= Montecito (processor) =

Microprocessor from Intel

Montecito is the code-name of a major release of Intel's Itanium 2 Processor Family (IPF), which implements the Intel Itanium architecture on a dual-core processor. It was officially launched by Intel on July 18, 2006, as the "Dual-Core Intel Itanium 2 processor". According to Intel, Montecito doubles performance versus the previous, single-core Itanium 2 processor, and reduces power consumption by about 20%. It also adds multi-threading capabilities (two threads per core), a greatly expanded cache subsystem (12 MB per core), and silicon support for virtualization.

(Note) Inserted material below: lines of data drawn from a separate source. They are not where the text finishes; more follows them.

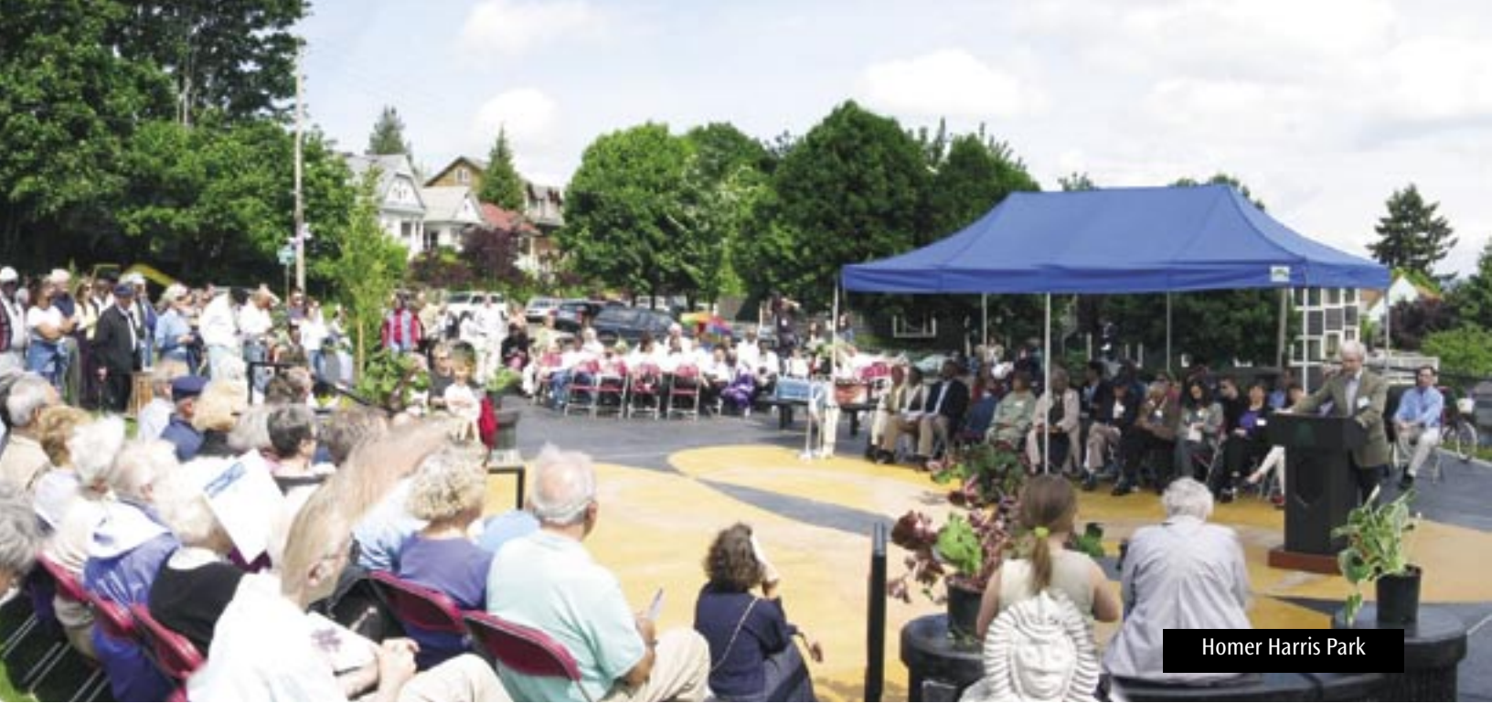
Homer Harris Park
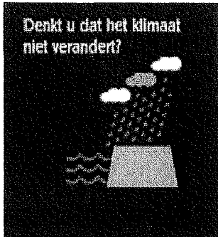
Denkt u dat het klimaat niet verandert? categorie Ongebouwd
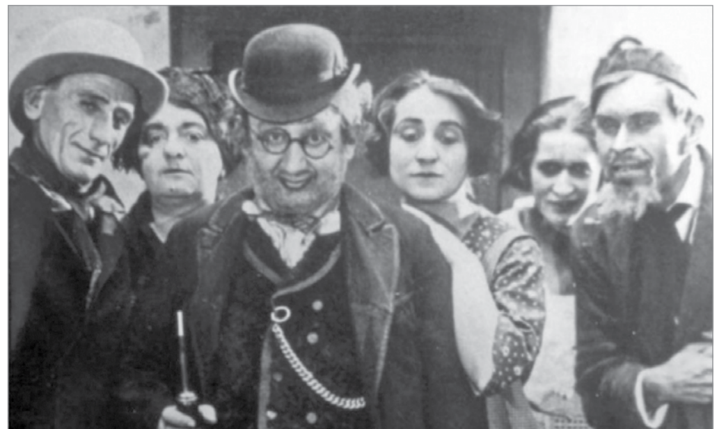
Részlet a Város zsidók nélkül című filmből

Nagyszerű színészekkel is dolgoztam. Emlékszem arra, amikor az abban az időben legnépszerűbb színésznőnek számító Carmen Castellierinek írtam forgatókönyvet. Olyan jó barátnők lettünk, hogy eljött hozzám megnézni, hol lakom, és hosszú órákat
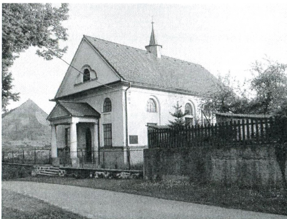
Modlitebna ve Střížově

==Architectural features and attributes==

- Two cores per die
- 2-way coarse-grained multithreading per core (not simultaneous). Montecito-flavour of multi-threading is dubbed temporal, or TMT. This is also known as switch-on-event multithreading, or SoEMT. The two separate threads do not run simultaneously, but the core switches thread in case of a high latency event, like an L3 cache miss which would otherwise stall execution. By this technique, multi-threaded workloads, including database-like workloads, should improve by 15-35%.
- a total of 4 threads per die
- separate 16 KB Instruction L1 and 16 KB Data L1 cache per core
- separate 1 MB Instruction L2 and 256 KB Data L2 cache per core, improved hierarchy
- 12 MB L3 cache per core, 24 MB L3 per die
- 1.72 billion transistors per die, which is added up from:
  - core logic — 57M, or 28.5M per core
  - core caches — 106.5M
  - 24 MB L3 cache — 1550M
  - bus logic & I/O — 6.7M
- Die size is 27.72 mm × 21.5 mm, or 596 mm^{2}
- 90 nanometer design
- Lower power consumption and thermal dissipation than earlier flagship Itaniums, despite the high transistor count; 75-104 W. This is mainly achieved by applying different types of transistors. By default, slower and low-leakage transistors were used, while high-speed, thus high-leakage ones where it was necessary.
- Advanced compensation for errors in cache, for reliable operation under mission-critical workloads. This was code-named Pellston technology during development, and has recently been renamed Intel Cache Safe Technology.
- Virtualization technology allowing multiple OS instances per chip. This was known as Silvervale technology during development, and is now called Intel Virtualization Technology.
- Improved, higher bandwidth front side bus (FSB), with three times the capacity of the existing bus design. It is meant to be at system level (per node, with 4 dies). System throughput per node should be at least 21 GB/s, which suggest dual 333.333 MHz (double pumped, resulting 2×667 effective MHz) front side bus. However, it is up to system integrators how they organize their bus topology.
- All Montecito processors support 533 MHz / 400 MHz FSB speed.
- Also available with legacy FSB for upgrading existing system designs.
- Eliminates the hardware-based x86 instruction emulation circuitry, in favor of the more efficient software-based IA-32 Execution Layer.

On October 25, 2005, Intel announced that the first dual-core Itanium processor would be delayed until "the middle of next year." Montecito was launched on July 18, 2006. Due to unspecified issues, Intel's Foxton power management technology was disabled in the first release of Montecito, and the front-side bus frequency was reduced to 267 MHz (533.333 MHz effective) instead of the 333 MHz speed originally scheduled for the design [3].

At the time of launch, the following models and pricing were available:

- Itanium 2 9050 1.60 GHz / 24 MB L3 — $3,692
- Itanium 2 9040 1.60 GHz / 16 MB L3 — $1,980
- Itanium 2 9030 1.60 GHz / 8 MB L3 — $1,552
- Itanium 2 9020 1.42 GHz / 12 MB L3 — $910
- Itanium 2 9015 1.40 GHz / 12 MB L3 — $749
- Itanium 2 9010 1.60 GHz / 6 MB L3 / single core — $696

There are no plans for additional Montecito processors; the successor, Montvale was released in late 2007.